§ 7 IJstijden
Op pagina 10 van je boek (§2) zie je de geologische tijdschalen. De ijstijden vonden plaats in het Pleistoceen. Dat is, als je kijkt naar de afbeelding, een tijdvak in het Kenozoïcum. Dat is dus echt al een stuk later dan de tijd die we behandelden in §1 & §2. Er leefden geen dino’s meer, die waren naar alle waarschijnlijkheid al uitgestorven aan het einde van het tijdperk Krijt (https://willemwever.kro-ncrv.nl/vraag_antwoord/dieren-en-planten/waarom-zijn-de-dinosaurussen-uitgestorven) Wel leefden er in de Ijstijd weer hele andere dieren. Dieren die bestemd waren tegen de kou. Denk bijvoorbeeld aan de wolharige mammoet, de wolharige neushoorn, wilde paarden, reuzenherten, de muskusos, elanden en de wisent. Sommige dieren kennen we nu nog, sommigen zijn ondertussen uitgestorven. Zie hier hoe die dieren er waarschijnlijk uit hebben gezien: https://www.hunebednieuwscafe.nl/2017/07/ijstijddieren/.
Nomaden
Nomaden zijn personen die rondtrekken en geen vaste woonplek hebben. Mensen trokken achter wilde dieren aan om in voedsel te voorzien. Aan het einde van de ijstijd waren de mensen jagers en verzamelaars die leefden als nomaden. Dat betekent dat de mensen rondtrokken achter rendieren en mammoeten aan om op ze te jagen en om voedsel te verzamelen.

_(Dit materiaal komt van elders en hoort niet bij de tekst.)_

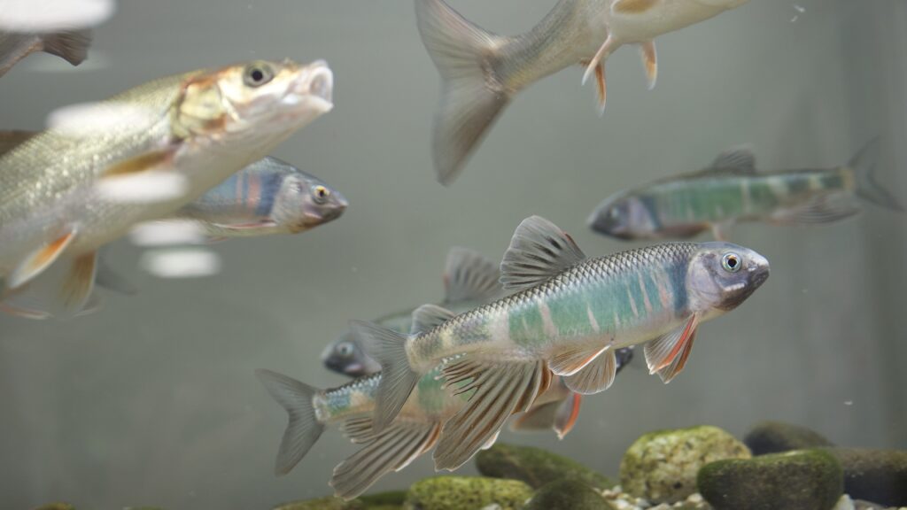 天竜川には渓流から下流まで多様な環境が広がり、イワナやアマゴなどの冷水性魚から、アユやフナ、ウナギといった温暖な水域を好む魚まで幅広く生息しています。

Deze levensstijl veranderde pas toen na de uitvinding van de landbouw dorpen en steden ontstonden, maar dat is pas aan het einde van het volgende tijdvak, de prehistorie.
Zoals je op de plaatjes ziet, hebben de mensen een stevig gezicht en veel haar. Het zijn de homo sapiens (de eerste ‘moderne’ mensen, ‘moderne’ omdat ze intelligentie gebruikten om te overleven). Homo sapiens betekent ook zoiets als: verstandige/wijze, denkende mens.